Posted: May 12th, 2014
After persistently prodding the National Energy Board, pipeline critic David Ellis finally got a report on Kinder Morgan’s two oil spills along the Trans Mountain pipeline route. The spills happened last June, and had temporarily shut the pipeline down for investigation.
What he saw on page two of Kinder Morgan’s Engineering Assessment floored him. It stated that instead of just 20-25 barrels spilled near the Coquihalla Canyon, the pipeline leaked well over quadruple that amount.
Ellis had wondered why Kinder Morgan was hurriedly removing some 5005 cubic metres (over 600 truckloads) of oil-contaminated soil from the area. It seemed excessive, which led him to comment at the time: there’s been more oil spilled than [Kinder Morgan] is saying.
His suspicions were confirmed by the report, which said a subsequent analysis resulted in a revised estimated release volume of approximately 18 m3 — or about 113 barrels of oil spilled in the park area.
At the time that he started voicing his concerns about it, Kinder Morgan attacked his credentials and maintained that the large volume of soil was being removed only to meet strict clean up criteria because of its location within a provincial park.” But the latest report suggests it was because the spill was bigger than people originally thought.
Both Kinder Morgan and the NEB said that the company took the appropriate steps to contain the spill once it started.
“The initial estimate of volume was exactly that, an estimate,” said Kinder Morgan spokesperson Andy Galarnyk. “As remediation work continued we updated the volume estimate based on levels of contamination discovered.”
More problems with aging pipeline expected?
According to the report, the problem was misidentified as a manufacturing anomaly, and later turned out to be a dent with gouges, caused by pipeline fatigue. The pipeline, built in 1953, is now over 60 years old. Ellis worries there may be more problems with the pipe down the road.
It’s like an old garden hose, Ellis said, of the Trans Mountain pipeline. “They should shut this pipe down immediately to investigate.”
Ellis is concerned by the larger-than-reported spill — not only because it took place in a provincial park area is teeming with wildlife, but because the stretch of pipeline around Hope was constructed in 1953 with a thinner pipeline wall than required as part of a cost-saving measure. He believes the last 12 miles of this thin pipe near Hope is especially vulnerable for a spill.
“I am most worried about the thinner, ‘budget-saving’ pipe that did break in the Coquihalla and runs to Hope,” Ellis said. “What would 110 barrels of crude oil do to the Fraser River salmon if it got in there?”
He said he alerted the NEB back in January about information from a rare 1954 book, The Building of Trans Mountain, which notes that at a pressure limiting station located at Hope (near the Coquihalla pass), relief valves can spill oil into two 50,000 tanks so that pressure in the pipe from Hope to Burnaby may be reduced.
The book states on page 99:
“Using this pressure limiting equipment saved about $5,000,000 in the original line investment by avoiding need for heavier wall pipe to withstand high pressures during accidental shut-offs in the low sections of the system.”
“Thinner pipe would make fatigue go faster.
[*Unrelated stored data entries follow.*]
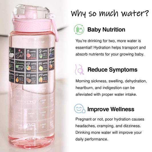 BellyBottle Pregnancy Water Bottle Tracker – Pregnancy Must Haves – Pregnancy Gifts for Expecting Mom – Pregnancy Essentials Nausea Relief – Weekly Stickers + Straw + BPA Free + Pink
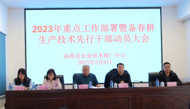 人勤春早爭朝夕,策馬揚鞭開新局。2月8日上午,黑龍江省湯原縣農業技術推廣中心召開了2023年重點工作部署暨備春耕生產技術先行動員大會,向廣大技術幹部發出「動員令」,全力確保2023年農技推廣工作「開門紅」「開門穩」。湯原縣農業農村局黨組書記局長李明坤、副局長張明軍出席會議。
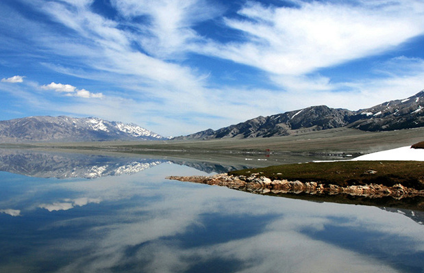 In legend, the lake is composed of the tears of a couple of Kazak young lovers.
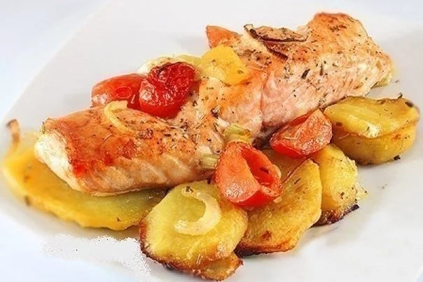 Ингредиенты для приготовления Лосось с картофелем, запеченный в духовке:

The thinner it is, the more effect the fatigue has on it,” TransCanada whistleblower and former metallurgical engineer Evan Vokes said. He also raised issue with the fact that the company has had over 2,600 pipeline “anomaly digs” since 1984, which signalled that the Trans Mountain pipeline was not being very well maintained.
NEB spokesperson Sarah Kiley, however, said that thinner pipe does not necessarily mean increased risk of fatigue. She said there was once incident of overpressure in 2012 around 11km south of Clearwater, but said Kinder Morgan hasn’t said the pipeline was stretched as a result.
Galarnyk noted likewise, stating:
“The pipe on our entire system is designed and maintained for safe operation at the established operating pressures.”
Michael Hale, an intervenor for the NEB hearings on Kinder Morgan’s pipeline expansion and member of the Pipe Up Network, said he was “shocked” by the frenzy of repairs taking place along the existing pipeline route when he and his group went with Ellis to the area last August.
“We were quite shocked to see what was going on up there,” Hale said. “We realized the company was doing a lot more than just oil spill cleanup. There were huge sections of pipe dug up, and it wasn’t just oil spill cleanup. It made us wonder about the integrity of the old pipeline.”
He thought the company may have been rushing to fix existing flaws ahead of the application to twin the Trans Mountain pipeline.
As a result of the pipe cracking in June, the NEB had ordered Kinder Morgan to reduce its operating pressure by 20 per cent last August. But Galarnyk confirmed that the pipeline was now back at 100 per cent, everywhere except for the Edson to Hinton section. He said the section is being assessed and that the company would apply to lift the pressure in due course.
But critics ask if the company should instead be focusing on maintaining its existing pipeline before spending resources on twinning it.
“Shouldn’t the company focus on making the existing Trans Mountain line safe, before wanting to expand bitumen shipments for export?” Hale asked.